A woman gifted a new purpose. I would let vengeance guide my hand. I would be a god killer.
Ba-thump.
Ba-thump.
“Come back here!” Amaterasu screamed.
My eyes shot open. Heat rose through me, igniting my insides, my heart beating in furious succession. I was back in my father’s office, and the scene unfolding before me looked as though only a few seconds had passed since I’d been in Club Lunar.
Amaterasu screamed again, reaching for the collar of Susano-o’s kimono. Blood gushed from a slash across his cheek and one of his sleeves was blackened and smoking. The door had been blasted to bits, and sprawled out in the hallway, a crumpled mess of charred flesh was Kagu, blue lightning crackling across his skin. He groaned, still alive.
I blinked and got to my feet, quickly regaining my bearings. Something about the room had changed. The air pulsed with newfound electricity that prickled my skin. When I inhaled, foreign scents assaulted my nose – of dog hair, dander, ash, disinfectant, the ocean. I could smell more of the world in this office than I’d ever smelled in my life.
The scents clashed violently with one another, and feeling as though I would reel, I would suffocate under it all, I closed my mind off to these new sensations and focused. My revenge. I was here for revenge and all I had to do was reach out and take it. Clutching the dagger in my hand, I took a step forward.
“Susano-o!” I shrieked. My lips peeled back into a smirk as I hiked the dagger high overhead, moonlight glinting off the blade, making it look as though it were mimicking my grin.
Susano-o whirled around.
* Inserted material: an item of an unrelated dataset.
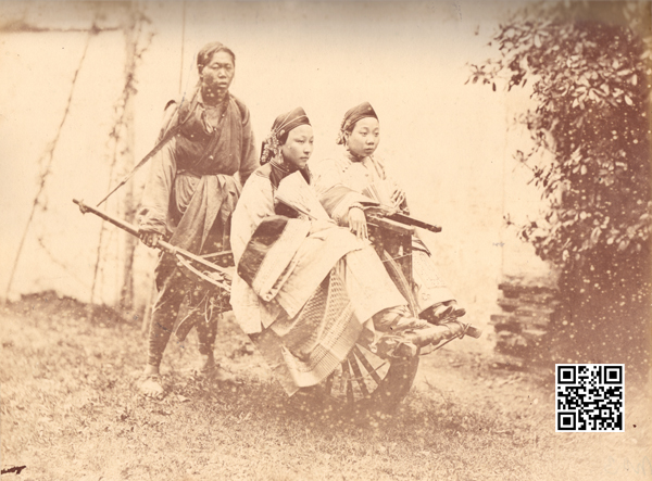 伯耐特先生的《中国摄影史:西方摄影师1861-1879》一书中,在介绍威廉·桑德斯的一节里引用了作者自己的一张收藏“Young Ladies”,两位裹脚的汉族妇女,衣着华丽,手持纸扇。看他们的衣着,虽然华丽但并不浮夸,头带也是已婚妇女的特有样式,应该不是来自青楼而是良家。如果是良家,那个时候能在镜头前抛头露面真是不易。我觉得感兴趣的,是这两位妇女太眼熟了,我在另一张照片上见过她们。桑德斯的编号为3,名为“A Celestial Cab” 的照片中,这两个人坐在一辆独轮车上,穿着同样的衣服。而且这张乘独轮车的照片还被转制为木版画发表在1876年10月28日的《伦敦新闻画报》上,只是画师在背景加上了个赌场的招牌,旁边附了几支花。1870年代这两位中国模特在镜头前显得很自如,想来已经比较适应摄影术了。对于摄影师,能让还未开化,和自己不同语系的人能放松的站在照相机前,这是本事,两个中国妇女能这么早这么快接受新事物,这是意识,都不容易。不过,这两个模特总是让我想起现在北京上海大街上那些挎着老外腰的年轻MM们……

His mouth agape as he stared at me, the whole in my neck closed. Made anew. Amaterasu scowled, her thin eyebrows arching in alarm.
Susano-o eyed the dagger and frowned. Amaterasu stood still, watching me. She shuddered, jaw tightening, as she eyed the door, anxious for Kagu to re-emerge.
“What have you done?” he asked. “Who gave you that?” He sniffed the air and then his eyes flickered toward the moon. “Brother Tsukiyomi.” He sighed.
Amaterasu snarled. “Brother moon. I should have known.”
I nodded and tossed the blade in the air. I caught the blade between my hands. Its edges sliced my palms, but as soon as the wounds were made, the flesh had started to heal. I took another step toward Susano-o, lowering my body, preparing to pounce. He pointed his staff at me, lightning dancing around the sharpened tip.
I ignored it and kept walking. An ache took root in my chest, propelling my legs forward. The ache, the need, the desire, to jam this dagger straight through that lying bastard’s chest.
I lunged. Susano-o held out his staff, as if to spear me through the gut. A force knocked me out of the air. I slammed into the ground, rolling to the side as a fireball tore up the ground. Kagu stood between me and Susano’o, flames flaring out around him, engulfing the surroundings. Amaterasu shrieked as I barreled toward Kagu, my own dagger raised.
She slashed at my throat, but I grabbed her arm, twisted it behind her, and her pin clattered to the ground. She roared, squirming in my embrace. Kagu shrieked and ran toward his. I threw Amaterasu, as Kagu’s hand closed around my neck. He threw me into the wall. I, along with most of my father’s bookcase, fell to the floor.
I laughed as I saw my skin, charred and showing bone. I hadn’t felt it. I hadn’t felt anything. Taking a chunk of flesh between my fingers, I began to peel it free of my arm. Nothing.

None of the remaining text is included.